"What does he do?" she asked Mrs. Brindley.
Cyrilla's usually positive gray eyes looked vague. She smiled. "I never asked," said she. "I've known him nearly three years, and it never occurred to me to ask, or to wonder. Isn't that strange? Usually about the first inquiry we make is what a man does."
"I'll ask Stanley," said Mildred. And she did about an hour later, when they were in the surf together, with the other two out of earshot. Said Stanley:
"He's a lawyer, of course. Also, he's written a novel or two and a book of poems. I've never read them. Somehow, I never get around to reading."
"Oh, he's a lawyer? That's the way he makes his living."
"A queer kind of lawyer. He never goes to court, and his clients are almost all other lawyers. They go to him to get him to tell them what to do, and what not to do. He's got a big reputation among lawyers, Fred Norman tells me, but makes comparatively little, as he either can't or won't charge what he ought. I told him what Norman said, and he only smiled in that queer way he has. I said: 'You make twenty or thirty thousand a year. You ought to make ten times that.'"
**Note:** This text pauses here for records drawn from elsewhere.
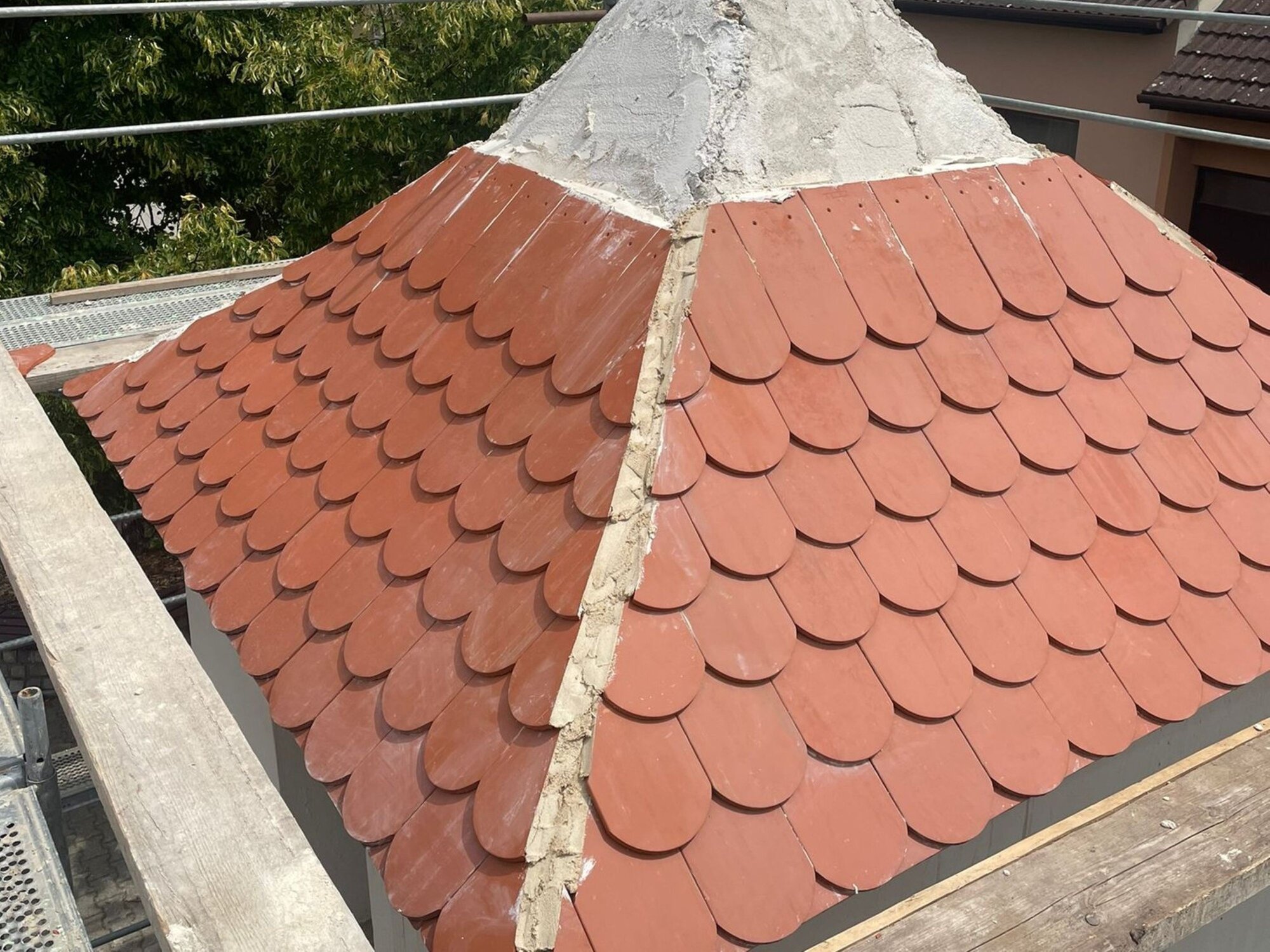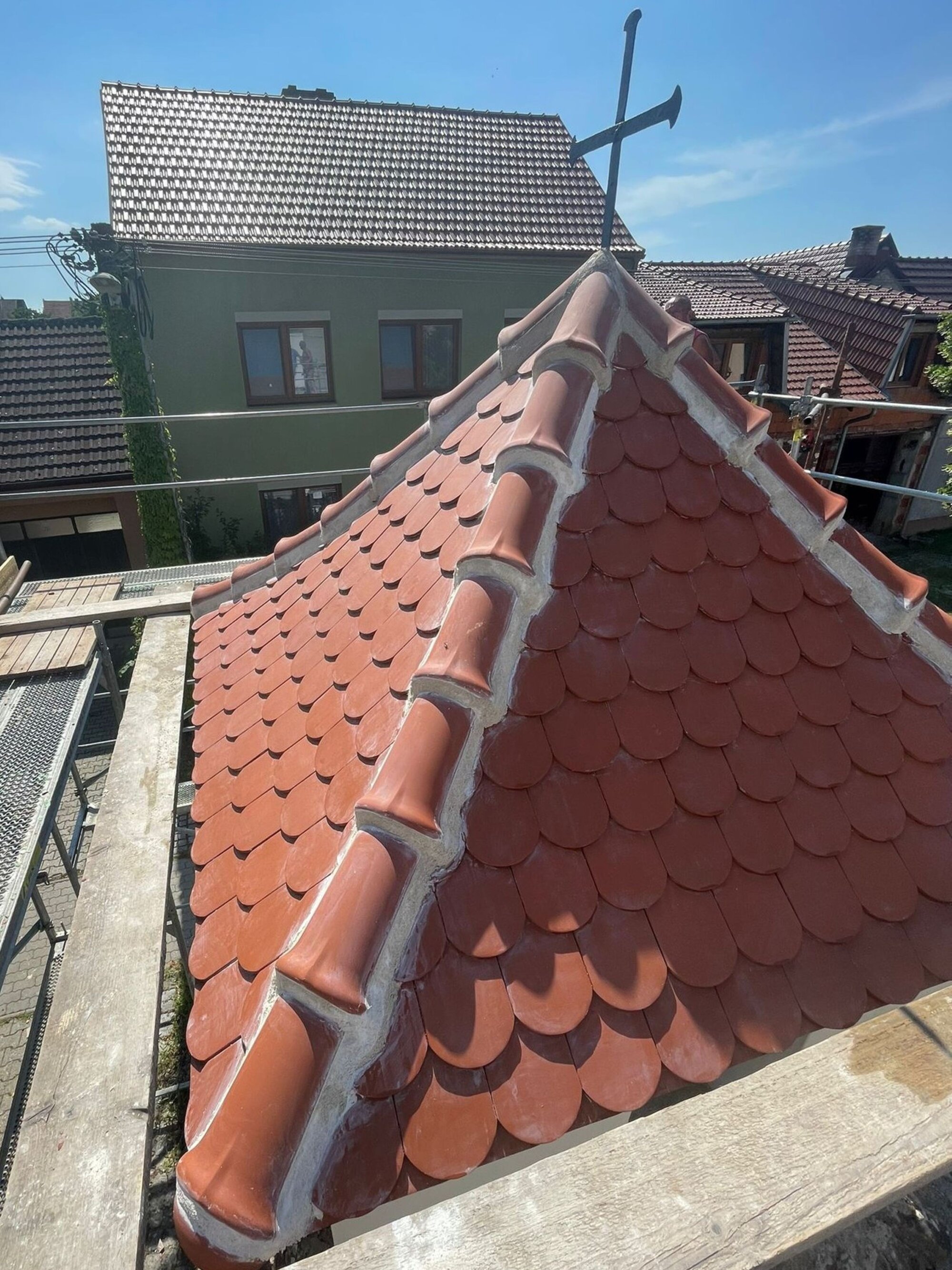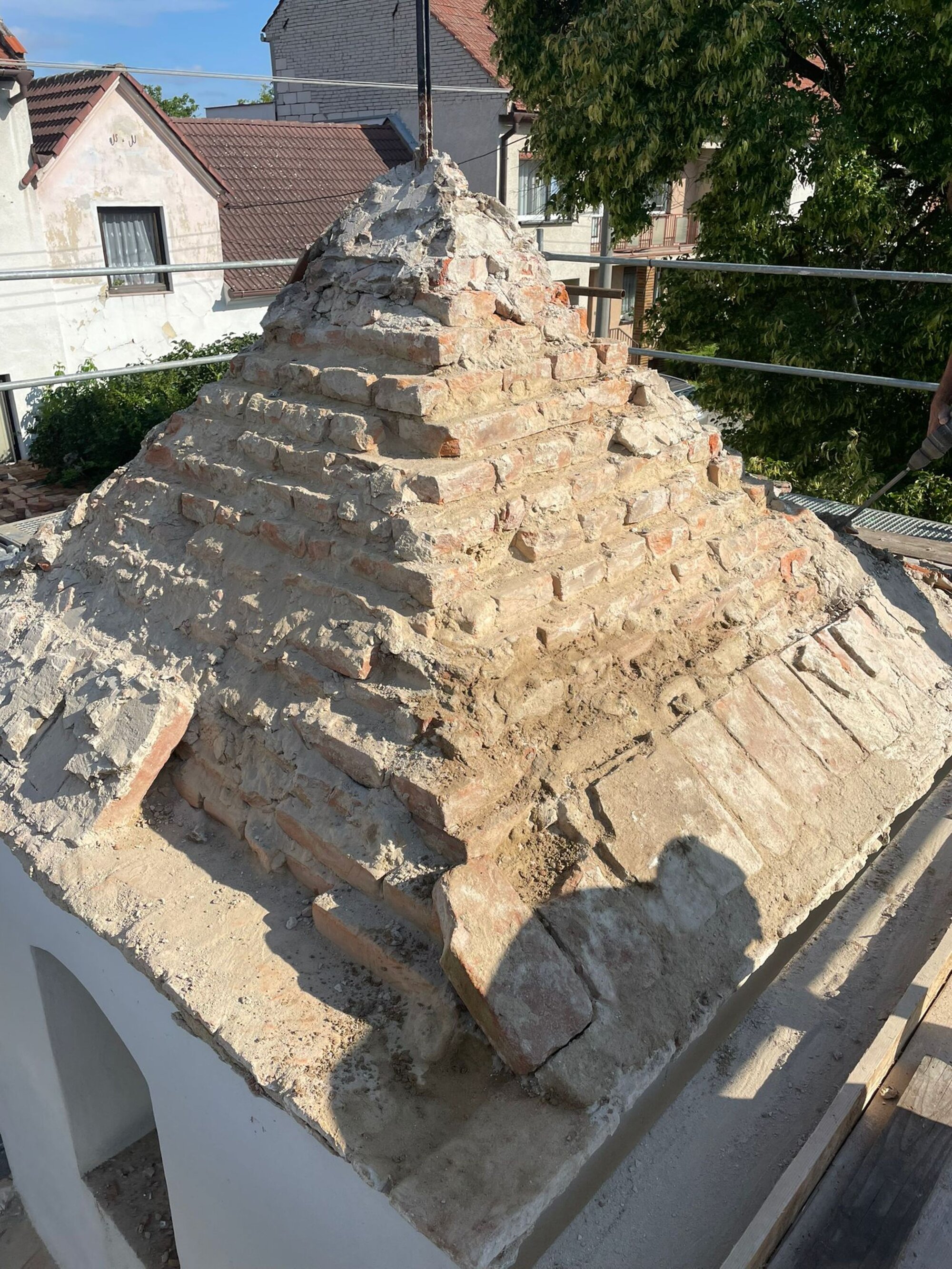 Podle jeho slov se při demontáži zjistilo, že konstrukce střechy vyzděná z cihel a dotvarovaná dozdívkami z malty, kousků keramických střepů a cihel je úplně destruovaná. „Musela se proto očistit až na zdravé jádro. Pak se provedla dozdívka z cihel a vytvořil se tvar střechy dle původního z malty a střepů. Až potom mohla následovat pokládka krytiny Bobrovka režná Tondach do maltového lože a nároží rovněž do malty,“ upřesňuje Josef Šlahůnek.
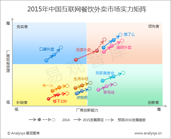 易觀智庫:2015年中國互聯網餐飲外賣市場實力矩陣解讀
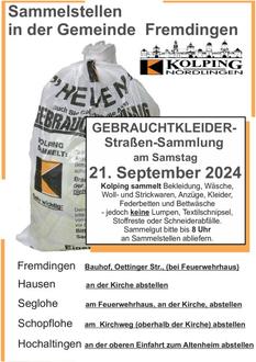 Von Kolping werden keine Säcke zur Verfügung gestellt, bitte geben Sie die Altkleider in selbst besorgte Plastiksäcke.
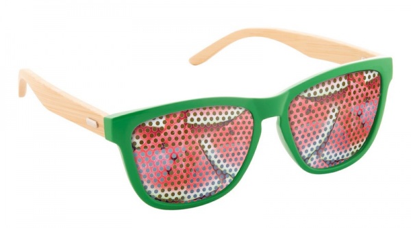 Slnečné okuliare s farebnými plastovými obrúčkami a bambusovými nožičkami. S ochranou UV 400. V Kraftovej papierovej škatuľke.
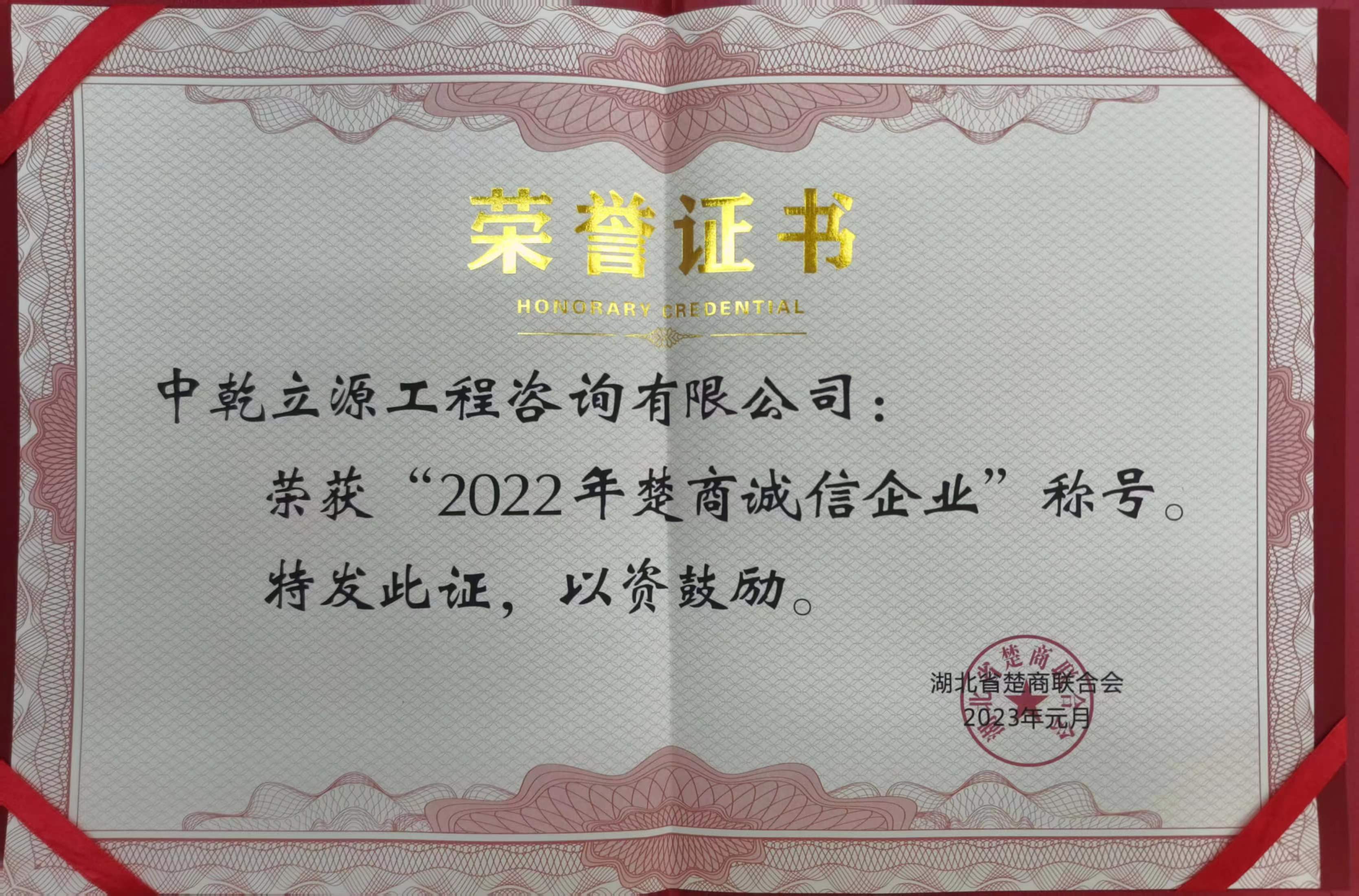 中乾立源榮獲由湖北省楚商聯(lián)合會(huì)組織評(píng)選的“2022年楚商誠(chéng)信企業(yè)”。

"And what did he answer?" asked Mildred. "Nothing?"
"He said: 'I make all I want. If I took in more, I'd be bothered getting rid of it or investing it. I can always make all I'll want—unless I go crazy. And what could a crazy man do with money? It doesn't cost anything to live in a lunatic asylum.'"
Several items of interest to add to those she had collected. He could talk brilliantly, but he preferred silence. He could make himself attractive to women and to men, but he preferred to be detached. He could be a great lawyer, but he preferred the quiet of obscurity. He could be a rich man, but he preferred to be comparatively poor.
Said Mildred: "I suppose some woman—some disappointment in love—has killed ambition, and everything like that."